Summary of traditional tube cystotomy

  • Advantages: remove all calculi from bladder, preserve breeding ability, avoid urethral surgery, longer recurrence-free life after surgery, intact bladder not required, and remove remaining uroliths in the bladder.
  • Disadvantages: high cost, difficult to perform in the field, and will not correct urethral stricture or rupture of the urethra.

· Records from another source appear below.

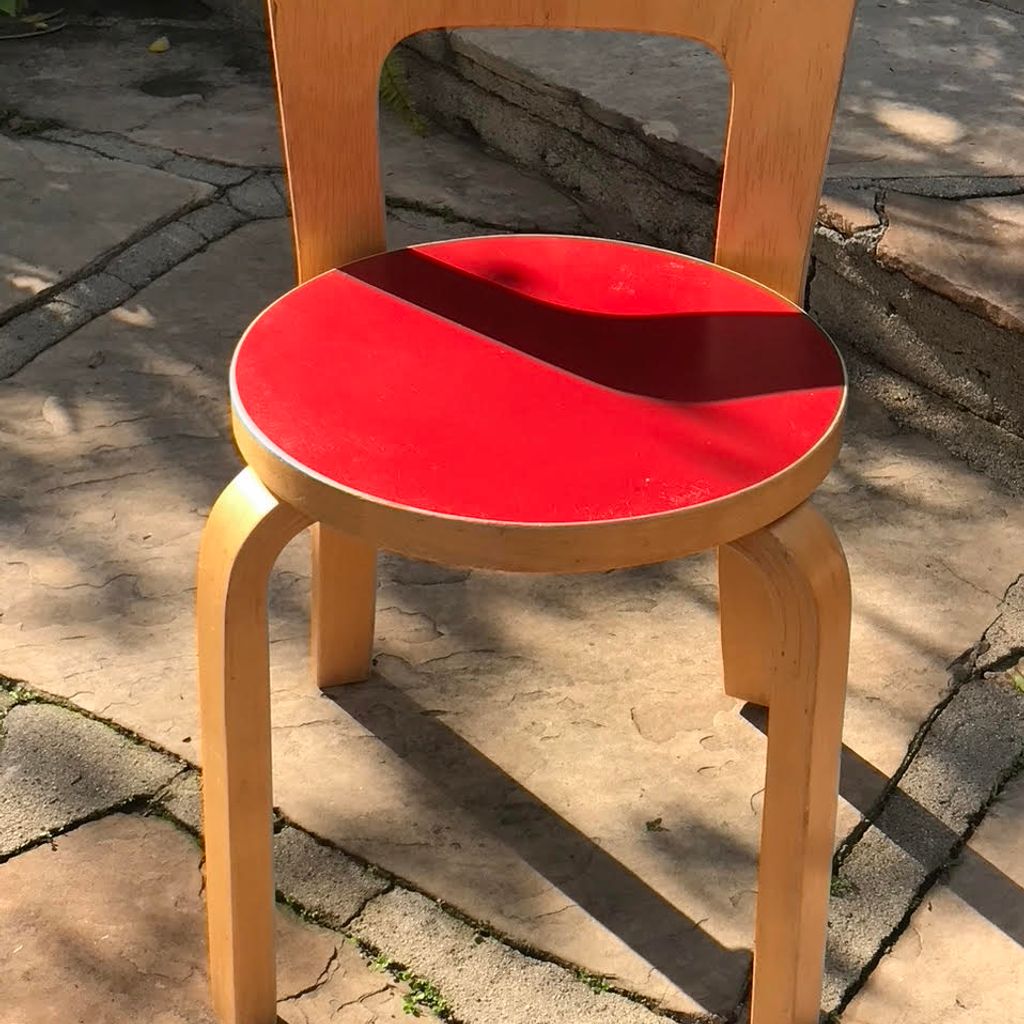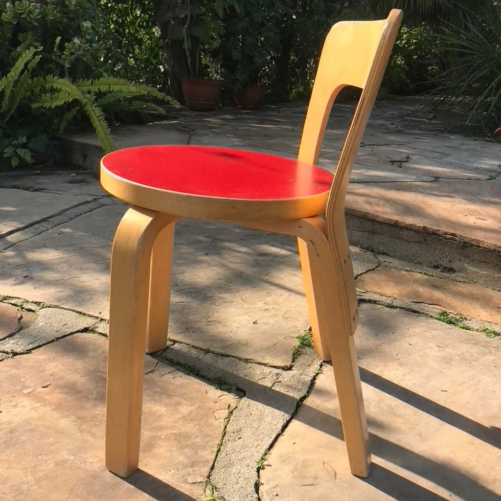The height of the backrest allows for the chair to be pushed under a table or desk. The distinctive circular seat and L-shaped legs are part of Alvar Aalto's standardized system of components.
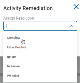 4. In the Incident Remediation Assign Resolution pop-up window, do the following:
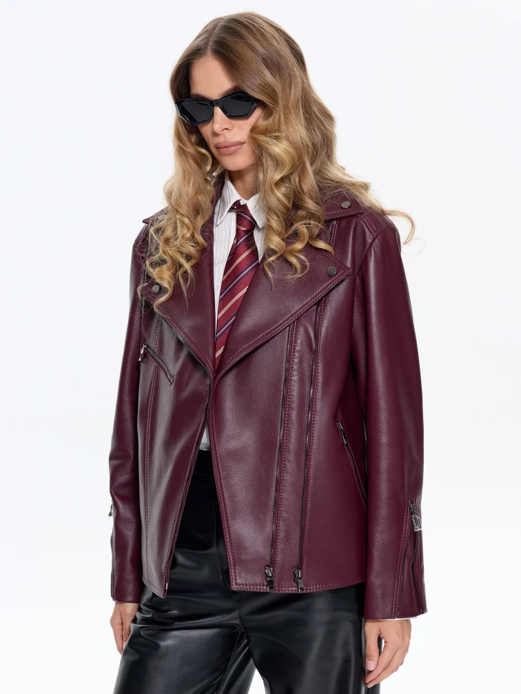 Товар бордовая кожаная женская куртка косуха 3047, размер 46, артикул 24770 выполнен из натуральной кожи с застежкой молния. Рассчитан на сезон: весна-лето. Длина изделия 65 см, силуэт прямой.

Summary of modified tube cystotomy

  • Advantages: Less expensive, can be performed in the field, short procedure time, preserve breeding ability, and avoid urethral surgery.
  • Disadvantages: Does not remove remaining calculi from the bladder, restricted to smaller animals, urine contamination of the abdomen likely, will not correct urethral stricture or rupture of the urethra, and Intact bladder required.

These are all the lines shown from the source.